# TASK REQUIREMENTS
Could you set down the lines from the first line of the entries below through the line with "胡散臭い通販商品みたいなあだ名 | 『モテモテ間違いなし霊験あらたかなお札…その名も「みなとひろと」』 |", exactly and with no pictures?

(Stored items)
· · · ·

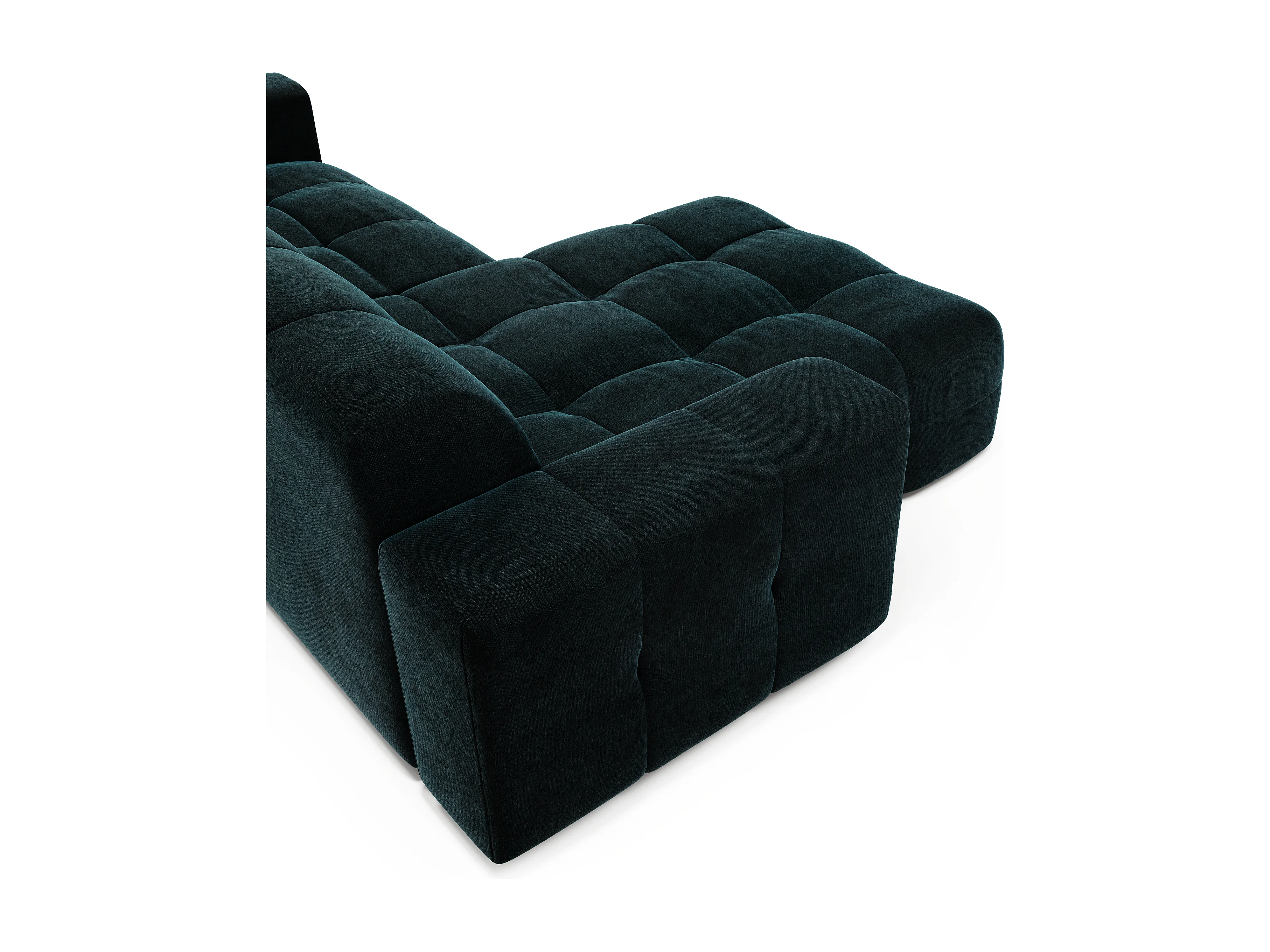 Canapé angle gauche 5 places velours bleu paon 230cm
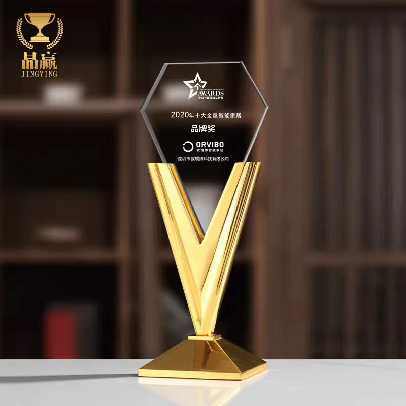 クリスタルトロフィー高級クリエイティブ金属v型勝利栄誉チーム従業員企業年次総会授賞大気メダル
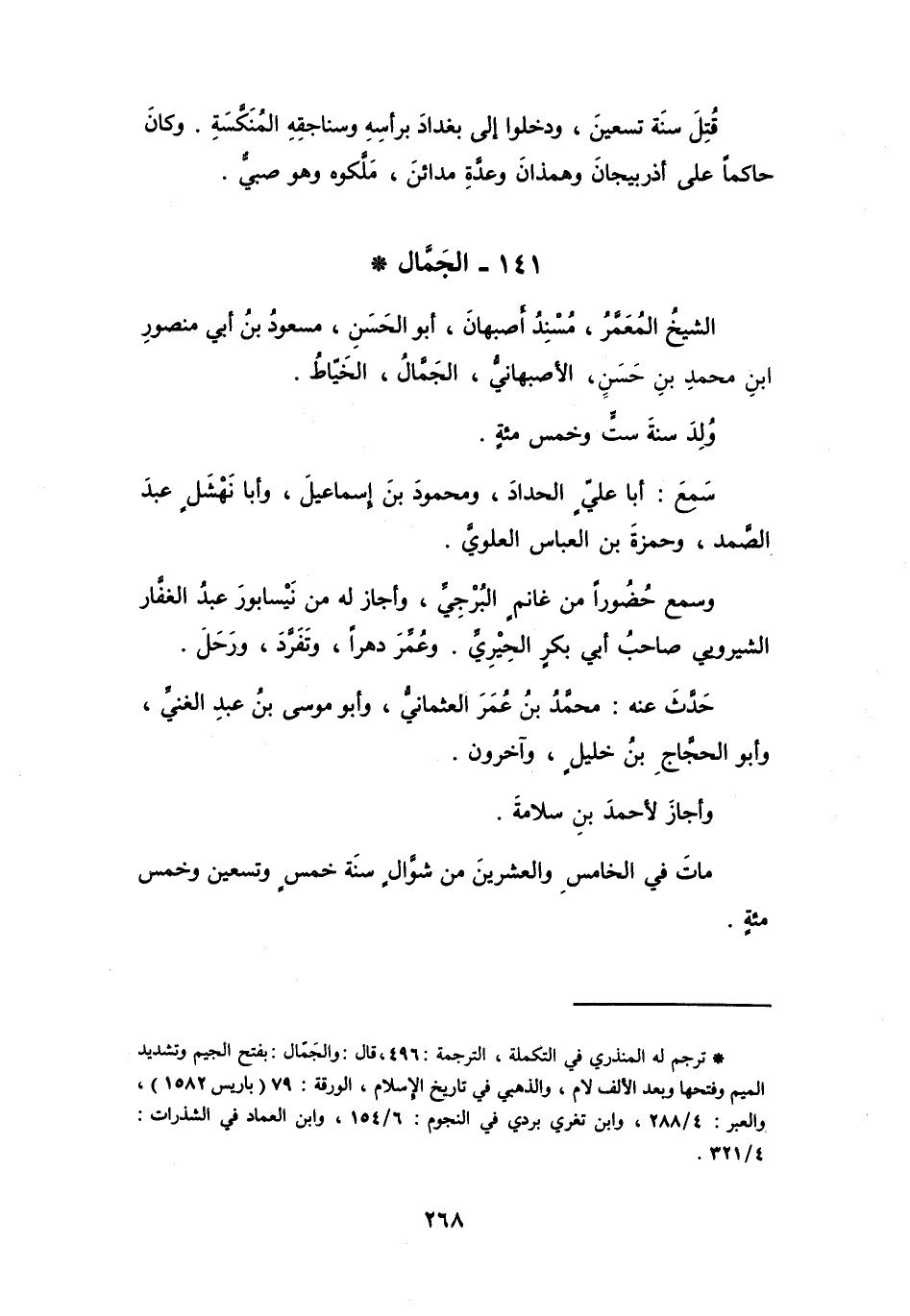 141 - الجَمَّالُ مَسْعُوْدُ بنُ أَبِي مَنْصُوْرٍ بنِ مُحَمَّدٍ الأَصْبَهَانِيُّ *
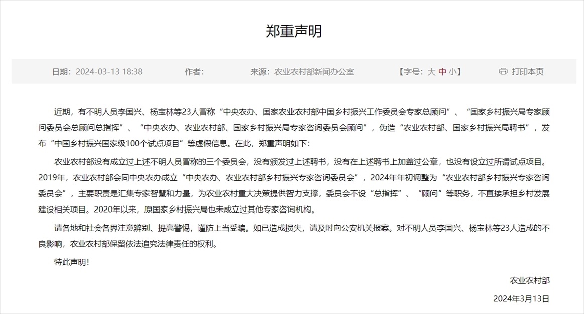 ·農(nóng)業(yè)農(nóng)村部鄭重聲明:沒(méi)有成立過(guò)不明人員冒稱的“中央農(nóng)辦、國(guó)家農(nóng)業(yè)農(nóng)村部中國(guó)鄉(xiāng)村振興工作委員會(huì)專家總顧問(wèn)”、“國(guó)家鄉(xiāng)村振興局專家顧問(wèn)委員會(huì)總顧問(wèn)總指揮”、“中央農(nóng)辦、農(nóng)業(yè)農(nóng)村部、國(guó)家鄉(xiāng)村振興局專家咨詢委員會(huì)顧問(wèn)”三個(gè)委員會(huì),沒(méi)有頒發(fā)過(guò)上述聘書,沒(méi)有在上述聘書上加蓋過(guò)公章,也沒(méi)有設(shè)立過(guò)所謂試點(diǎn)項(xiàng)目。
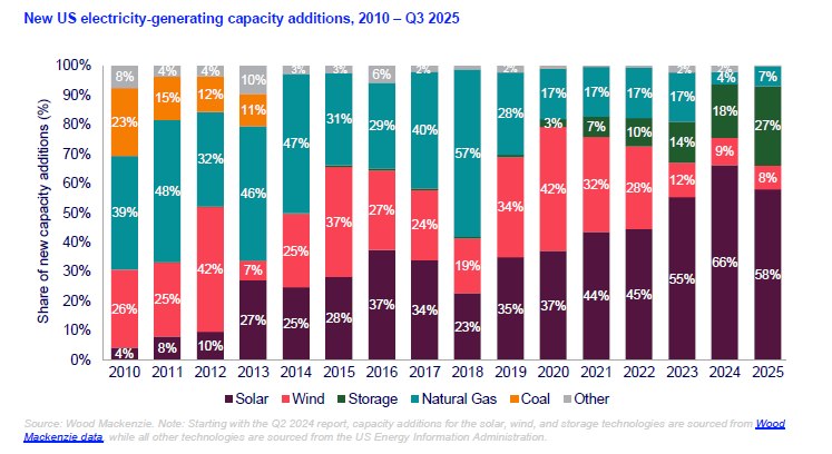 Solar accounted for 58% of all new electricity-generating capacity added in the U.S. in Q3 2025, with 30 GW added. Solar-plus-storage solutions accounted for 85% of new power-generating capacity added during the period.
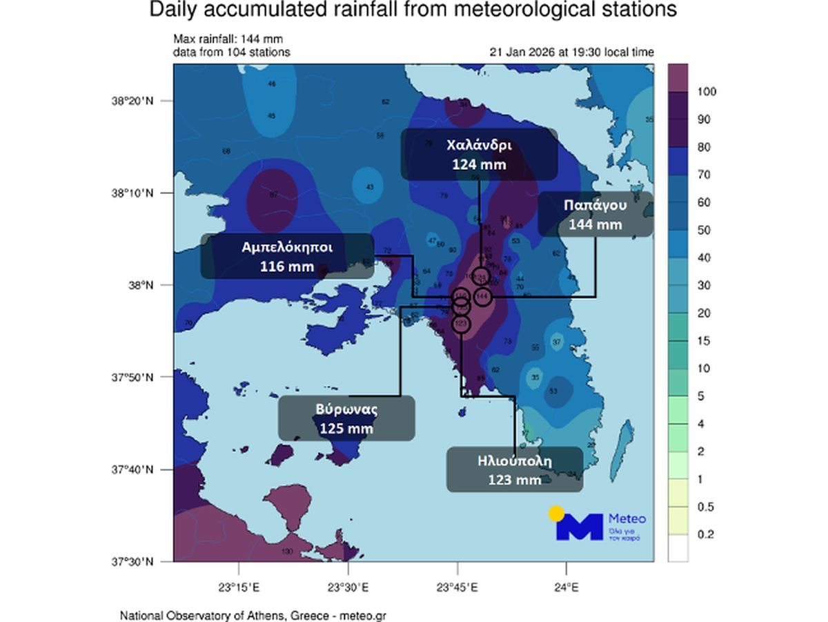 Σύμφωνα με το δίκτυο αυτόματων μετεωρολογικών σταθμών του Εθνικού Αστεροσκοπείου Αθηνών Meteo.gr τα μεγαλύτερα ύψη βροχής μέχρι τις 20:00 χθες καταγράφηκαν στην περιοχή Παπάγου με 146.4mm, ακολουθεί η Τακτικούπολη Τριζοινίας με 130.4mm και ο Βύρωνας με 126.4mm όπως αποτυπώνεται στο Χάρτη 1.
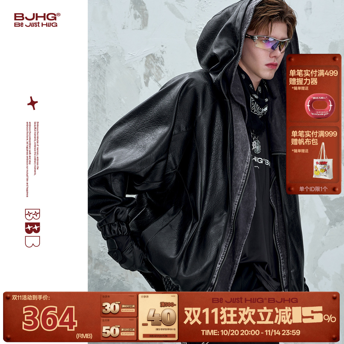 BJHG reckless retro hooded leather jacket men's autumn trendy brand motorcycle ruffian handsome leather jacket jacket for women
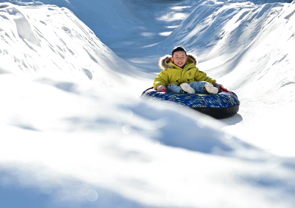 1月10日,一名小朋友在祁连县阿咪东索林海露营基地体验冰雪项目。
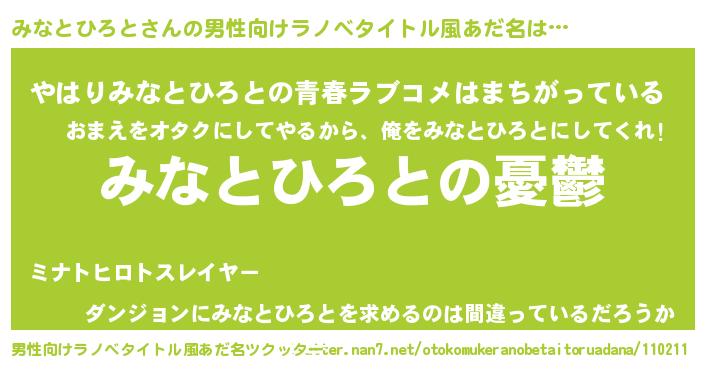 | 胡散臭い通販商品みたいなあだ名 | 『モテモテ間違いなし霊験あらたかなお札…その名も「みなとひろと」』 |
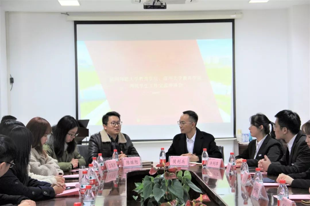 随后,两院团委学生会代表进行了汇报,增进彼此之间的了解。杭师大教院团委副书记王茜尔、学生会主席陈柔希,温大教院团委副书记许列萍分别对各自组织部门架构及基本工作机制进行了系统的介绍。以各自学院开展的活动为例,同时突出介绍了特色活动及相关活动成果。在自由交流与讨论环节中,双方就部门内部的管理机制、学生活动的展开、团学的宗旨以及建设理念、宣传媒体运营、体育赛事以及艺术团活动等进行了深入的沟通,彼此分享心得和经验。我院团学主席胡潘栋就举办大型活动时工作人员的安排分享相关经验,提出可将职责落实至个人,加强调配的理念。
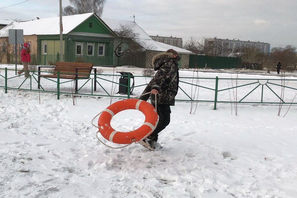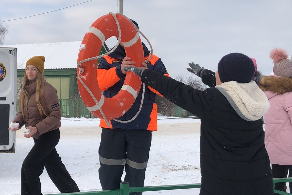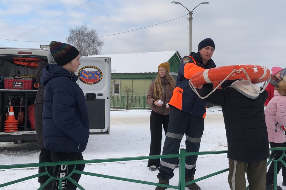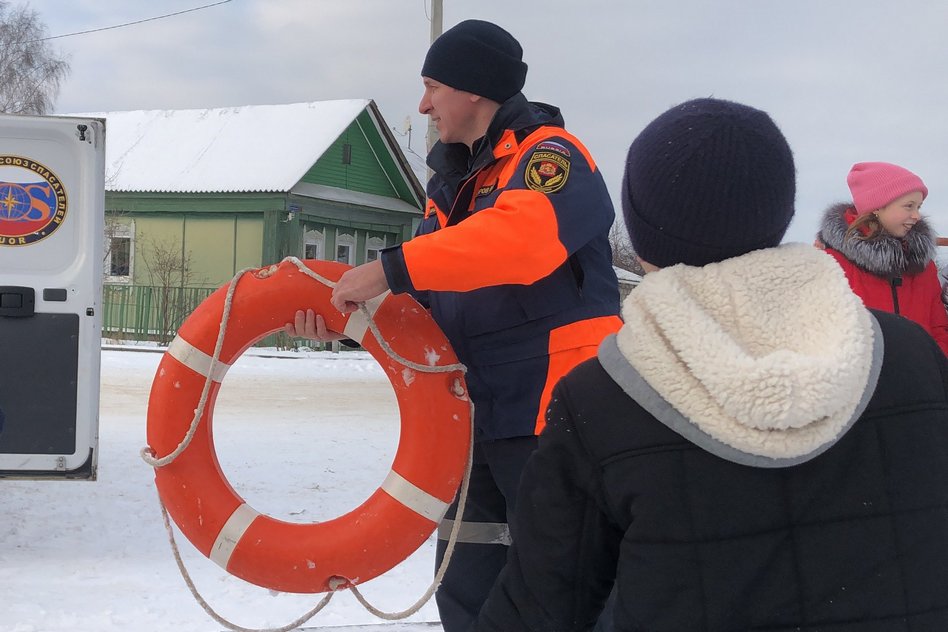 Спасатель РОССОЮЗСПАС Владимир Федоров рассказал ребятам, как вытаскивать провалившегося под лед человека, как использовать для этого спасательный круг и конец Александрова и чем их можно заменить.
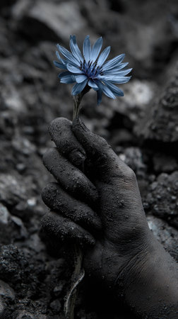 A hand delicately holds a single blue flower against a stark grayscale backdrop. The contrast highlights the flower's vibrant color and delicate petals. The composition features a shallow depth of field, emphasizing the subject's texture and form. This image could be used for various purposes, including editorial and commercial projects.
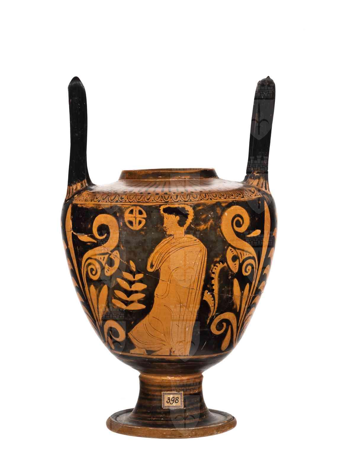 Argilla giallo rossastra (5 YR 6/6 Munsell); vernice lucente, di buona qualità, abbastanza ben conservata sebbene ci siano zone in cui appare diluita, il che ha causato problemi di cottura, specialmente poco al di sotto della spalla del lato A e presso il piede. Il vaso presenta un corpo ovoidale, con un'imboccatura non molto larga, su cui si imposta un breve labbro verticale, leggermente rastremato verso l'interno. Sulle spalle del vaso sono presenti, su entrambi i lati, due piccole protuberanze che sembrano quasi delimitare l'area sottostante, destinata alla decorazione figurata. Il vaso presenta poi una vasca profonda con fondo arrotondato che poggia su un piede a campana con stelo delimitato superiormente da una sottile modanatura, la quale si ripresenta anche sul bordo superiore dello spessore del piede. Il vaso presenta, impostate verticalmente sulla spalla, alte anse a bastoncello, sulla cui sommità sono presenti delle piccole protuberanze. Decorazione del lato A: al centro della scena è raffigurato un giovane stante e di profilo, che ha il baricentro spostato lateralmente, con il peso che poggia sulla sola gamba sinistra mentre la destra è leggermente piegata, a riposo. Ha i capelli corti ed è completamente avvolto da una veste caratterizzata dalla ricchezza dei drappeggi, che segnano le linee del corpo, e da un alto collo, la cui stoffa ricade sul petto. A sinistra è dipinto un ramoscello con nove foglie, forse di ulivo, e poco più in alto, all'altezza della testa del giovane, una palla a quattro spicchi. Decorazione del lato B: è raffigurato un elemento vegetale che occupa tutto lo spazio a disposizione. Le venature delle foglie sono rese per mezzo di spessi trattini neri, mentre il dorso delle foglie da linee molto sottili, che corrono per tutta la lunghezza dell'elemento vegetale. La decorazione accessoria è costituita, nello spazio sotto le anse, da girali fogliati e fioriti con campanule. Tra gli altri elementi decorativi vi è un sottile filetto risparmiato appena al di sotto del breve labbro verticale, che corre per tutta la circonferenza dell'imboccatura. A partire da questo comincia una fascia, che si estende per tutta la spalla in corrispondenza delle due scene figurate ed è decorata con baccellature, alternate a puntini lungo il bordo più esterno. Immediatamente sotto questa fascia, in corrispondenza del punto di passaggio dalla spalla al ventre, lungo la linea ideale che collega le due protuberanze, corre un fregio costituito dal ricorrere dalla sequenza ovulo-guscio-puntino. Sotto le scene figurate, lungo tutto la circonferenza del vaso, vi è una sottile fascia risparmiata. Un'ulteriore fascia risparmiata sottolinea, insieme ad una sottile modanatura, il punto di stacco tra ventre e piede, mentre il bordo superiore e lo spessore del piede sono interamente risparmiati. La base degli attacchi delle anse è decorata con una fascetta baccellata.
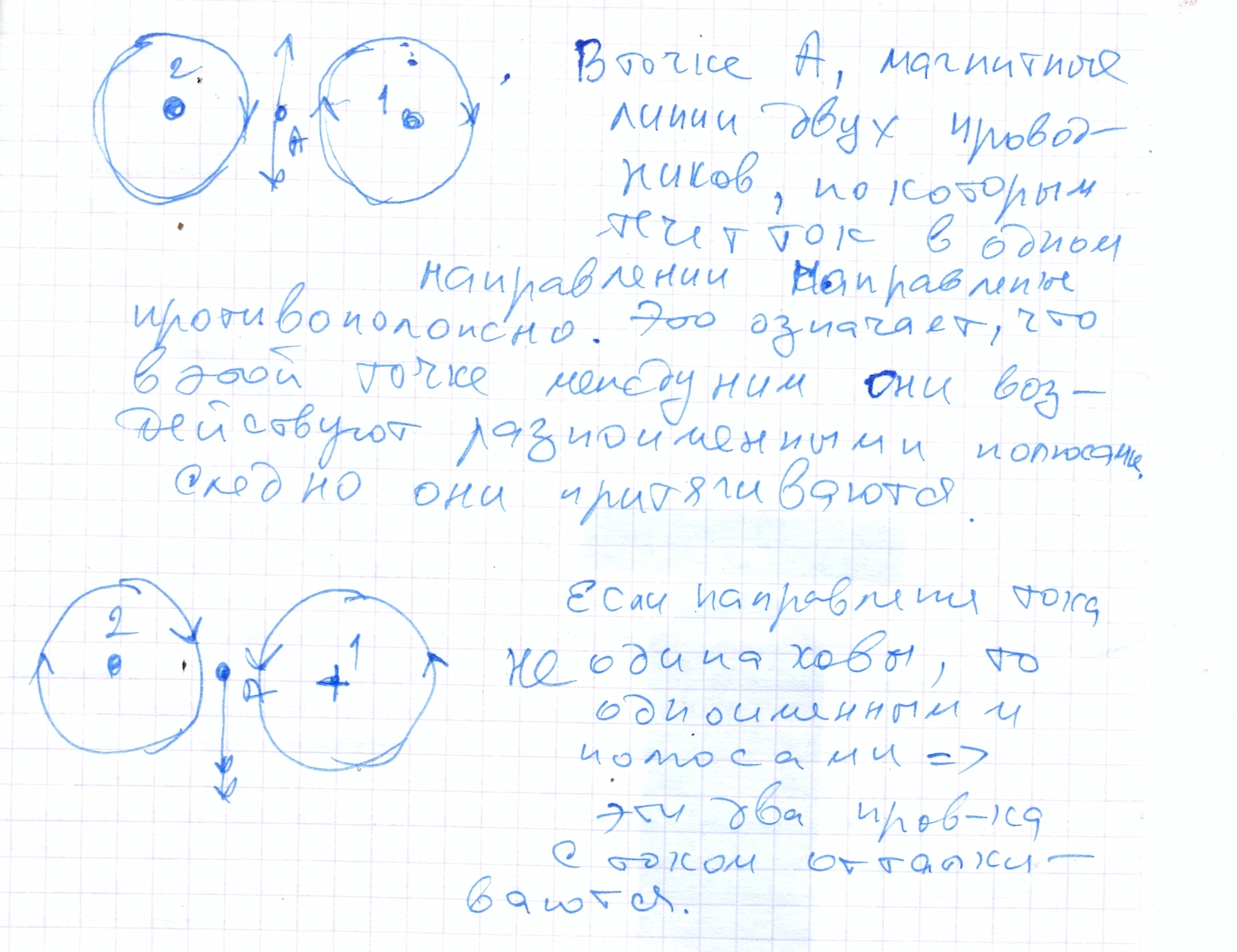 как взаимодействуют между собой два параллельных проводника,если по ним протекают токи в противоположных направлениях?

· · · ·

# THE ANSWER
 Canapé angle gauche 5 places velours bleu paon 230cm
 クリスタルトロフィー高級クリエイティブ金属v型勝利栄誉チーム従業員企業年次総会授賞大気メダル
 141 - الجَمَّالُ مَسْعُوْدُ بنُ أَبِي مَنْصُوْرٍ بنِ مُحَمَّدٍ الأَصْبَهَانِيُّ *
 ·農(nóng)業(yè)農(nóng)村部鄭重聲明:沒(méi)有成立過(guò)不明人員冒稱的“中央農(nóng)辦、國(guó)家農(nóng)業(yè)農(nóng)村部中國(guó)鄉(xiāng)村振興工作委員會(huì)專家總顧問(wèn)”、“國(guó)家鄉(xiāng)村振興局專家顧問(wèn)委員會(huì)總顧問(wèn)總指揮”、“中央農(nóng)辦、農(nóng)業(yè)農(nóng)村部、國(guó)家鄉(xiāng)村振興局專家咨詢委員會(huì)顧問(wèn)”三個(gè)委員會(huì),沒(méi)有頒發(fā)過(guò)上述聘書,沒(méi)有在上述聘書上加蓋過(guò)公章,也沒(méi)有設(shè)立過(guò)所謂試點(diǎn)項(xiàng)目。
 Solar accounted for 58% of all new electricity-generating capacity added in the U.S. in Q3 2025, with 30 GW added. Solar-plus-storage solutions accounted for 85% of new power-generating capacity added during the period.
 Σύμφωνα με το δίκτυο αυτόματων μετεωρολογικών σταθμών του Εθνικού Αστεροσκοπείου Αθηνών Meteo.gr τα μεγαλύτερα ύψη βροχής μέχρι τις 20:00 χθες καταγράφηκαν στην περιοχή Παπάγου με 146.4mm, ακολουθεί η Τακτικούπολη Τριζοινίας με 130.4mm και ο Βύρωνας με 126.4mm όπως αποτυπώνεται στο Χάρτη 1.
 BJHG reckless retro hooded leather jacket men's autumn trendy brand motorcycle ruffian handsome leather jacket jacket for women
 1月10日,一名小朋友在祁连县阿咪东索林海露营基地体验冰雪项目。
 | 胡散臭い通販商品みたいなあだ名 | 『モテモテ間違いなし霊験あらたかなお札…その名も「みなとひろと」』 |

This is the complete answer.